## Source data
━━━━━━
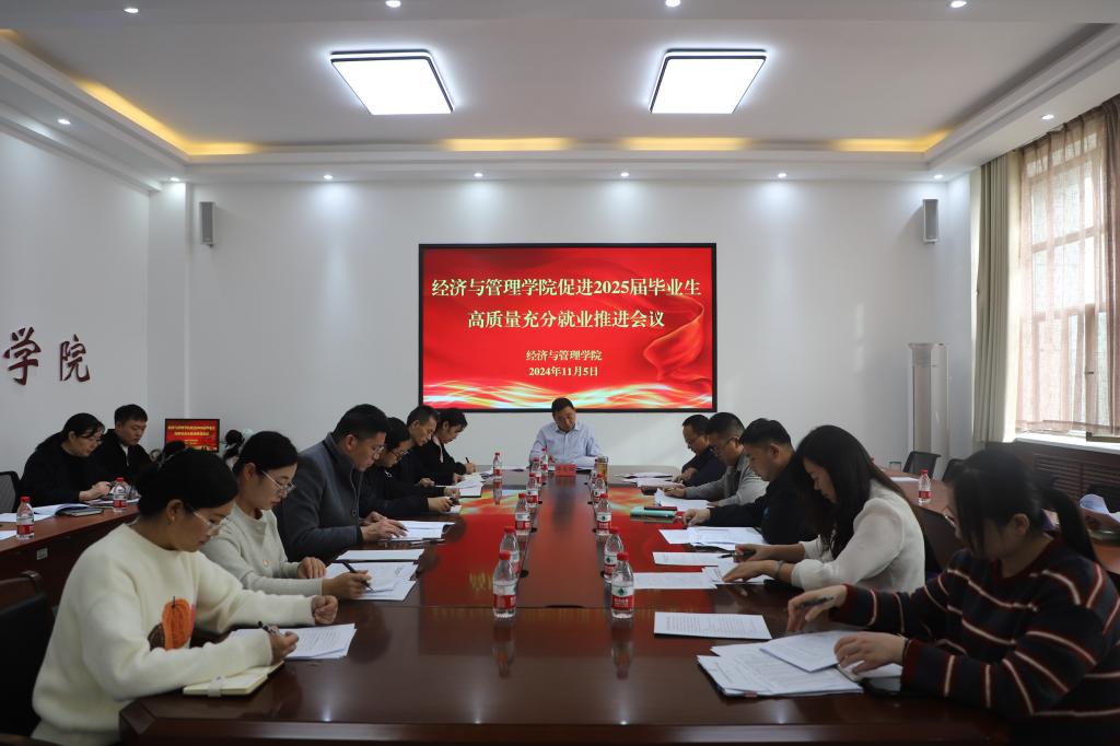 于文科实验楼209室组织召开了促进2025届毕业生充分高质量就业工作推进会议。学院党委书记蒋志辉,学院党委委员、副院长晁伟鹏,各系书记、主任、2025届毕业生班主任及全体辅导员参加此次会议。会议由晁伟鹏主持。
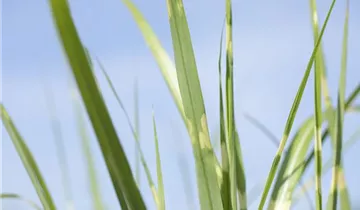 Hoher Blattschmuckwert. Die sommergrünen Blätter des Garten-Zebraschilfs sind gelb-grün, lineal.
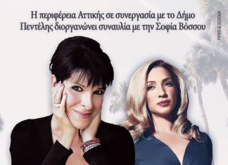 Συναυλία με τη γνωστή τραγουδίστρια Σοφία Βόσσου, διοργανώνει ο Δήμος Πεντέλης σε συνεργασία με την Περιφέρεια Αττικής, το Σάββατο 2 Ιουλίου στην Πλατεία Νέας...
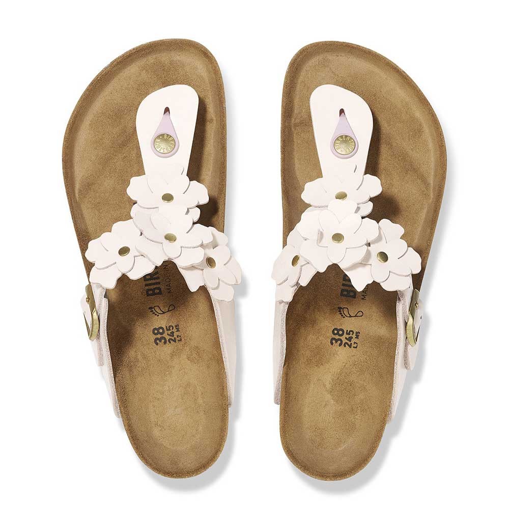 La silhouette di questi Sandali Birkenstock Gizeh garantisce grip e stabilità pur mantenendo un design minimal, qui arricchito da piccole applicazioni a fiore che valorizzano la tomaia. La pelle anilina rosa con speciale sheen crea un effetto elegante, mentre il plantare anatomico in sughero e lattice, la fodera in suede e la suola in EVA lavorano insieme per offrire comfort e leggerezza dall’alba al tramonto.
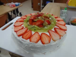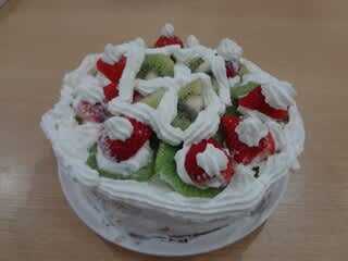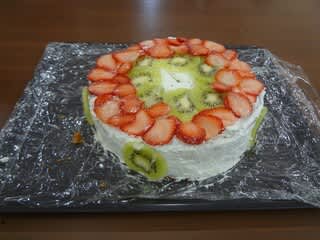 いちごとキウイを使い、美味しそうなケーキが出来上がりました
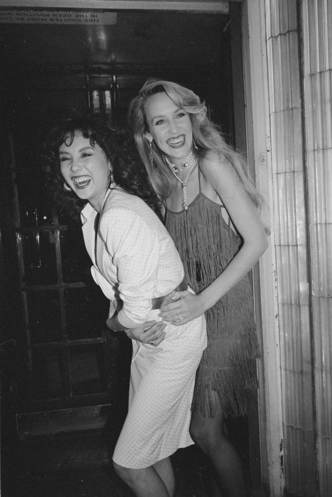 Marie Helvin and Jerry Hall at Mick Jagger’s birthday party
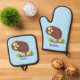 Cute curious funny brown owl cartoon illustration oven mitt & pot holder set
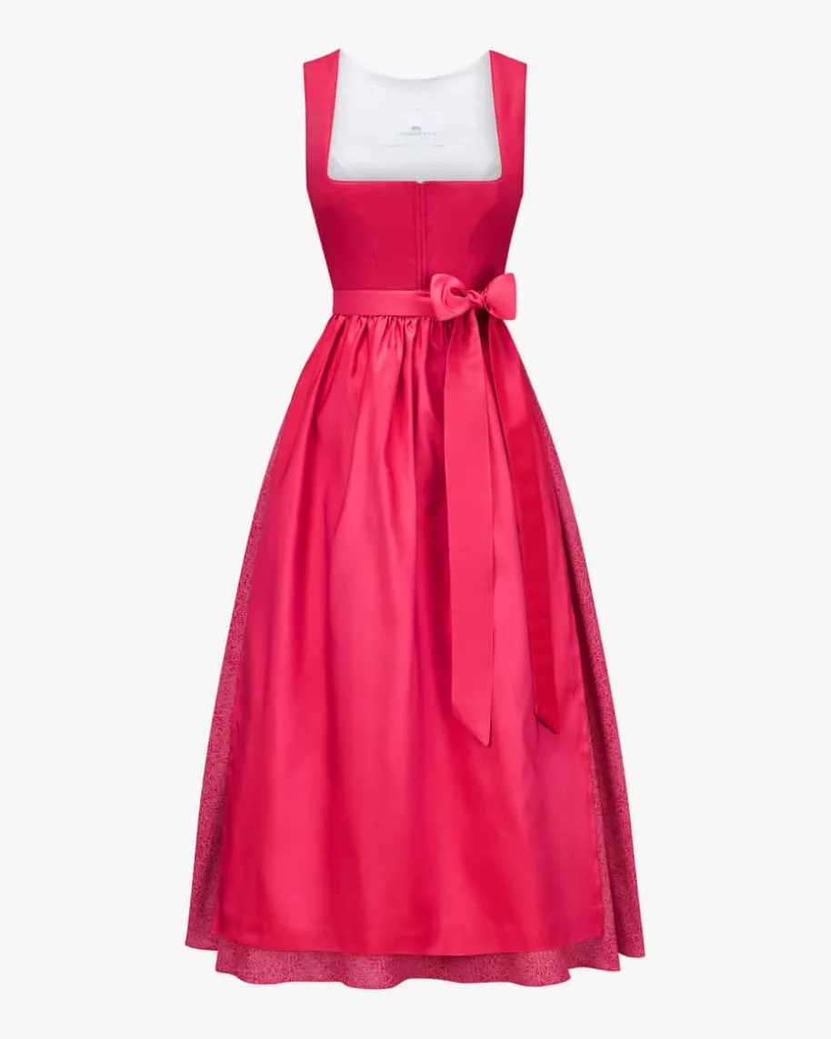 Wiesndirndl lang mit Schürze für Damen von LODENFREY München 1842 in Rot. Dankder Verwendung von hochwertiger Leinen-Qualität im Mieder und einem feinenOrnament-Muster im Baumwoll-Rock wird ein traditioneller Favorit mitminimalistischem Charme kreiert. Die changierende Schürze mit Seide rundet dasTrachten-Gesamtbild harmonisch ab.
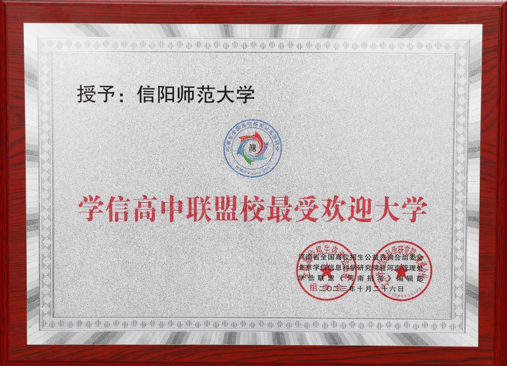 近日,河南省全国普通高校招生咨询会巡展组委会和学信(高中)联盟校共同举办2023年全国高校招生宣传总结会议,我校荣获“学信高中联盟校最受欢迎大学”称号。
━━━━━━
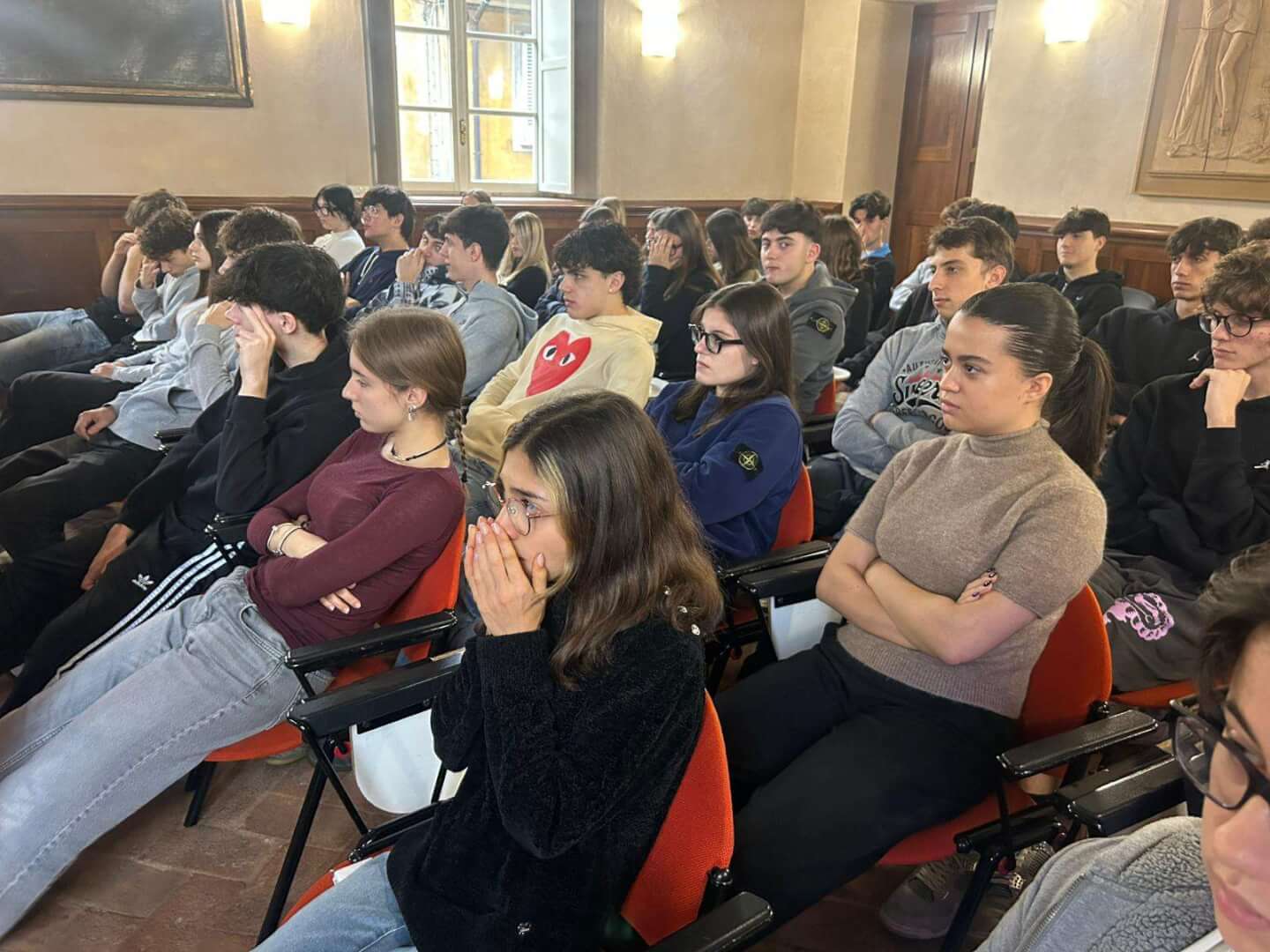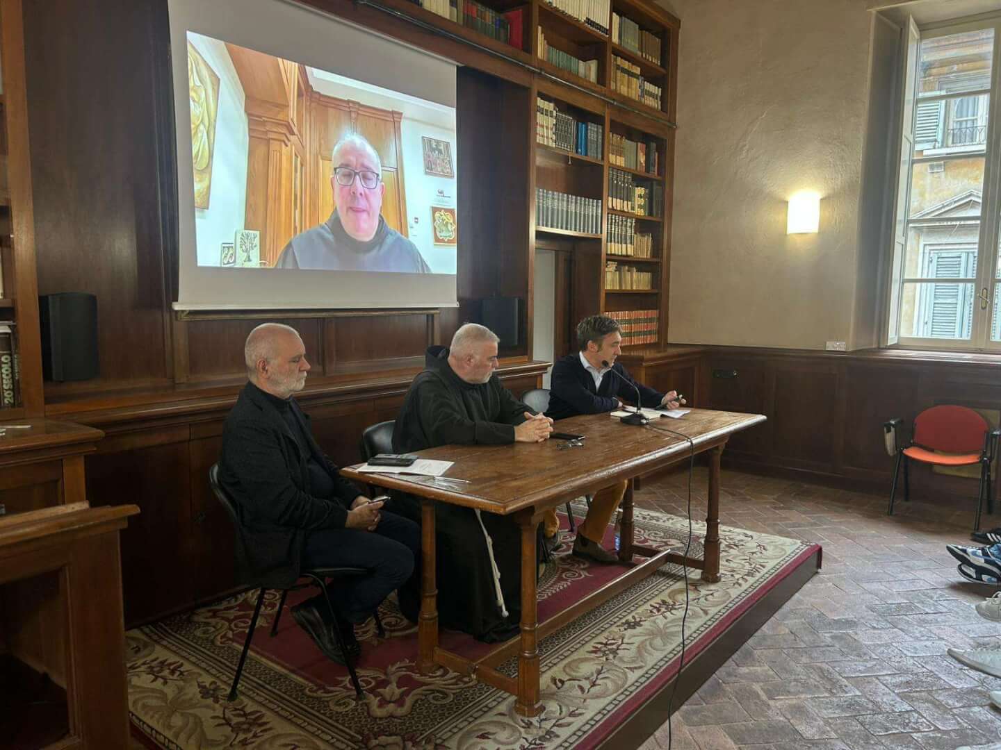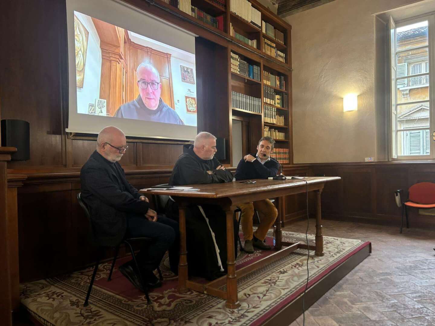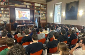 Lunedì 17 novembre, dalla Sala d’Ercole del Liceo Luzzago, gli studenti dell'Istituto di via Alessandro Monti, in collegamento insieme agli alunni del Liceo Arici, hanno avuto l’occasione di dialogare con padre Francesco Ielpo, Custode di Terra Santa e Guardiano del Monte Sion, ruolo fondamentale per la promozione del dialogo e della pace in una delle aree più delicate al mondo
━━━━━━
## What to do
Word for word, write out the lines above running from the one with "于文科实验楼209室组织召开" up to and including the one with "Συναυλία με τη". Drop any picture.

## Solution for this task
 于文科实验楼209室组织召开了促进2025届毕业生充分高质量就业工作推进会议。学院党委书记蒋志辉,学院党委委员、副院长晁伟鹏,各系书记、主任、2025届毕业生班主任及全体辅导员参加此次会议。会议由晁伟鹏主持。
 Hoher Blattschmuckwert. Die sommergrünen Blätter des Garten-Zebraschilfs sind gelb-grün, lineal.
 Συναυλία με τη γνωστή τραγουδίστρια Σοφία Βόσσου, διοργανώνει ο Δήμος Πεντέλης σε συνεργασία με την Περιφέρεια Αττικής, το Σάββατο 2 Ιουλίου στην Πλατεία Νέας...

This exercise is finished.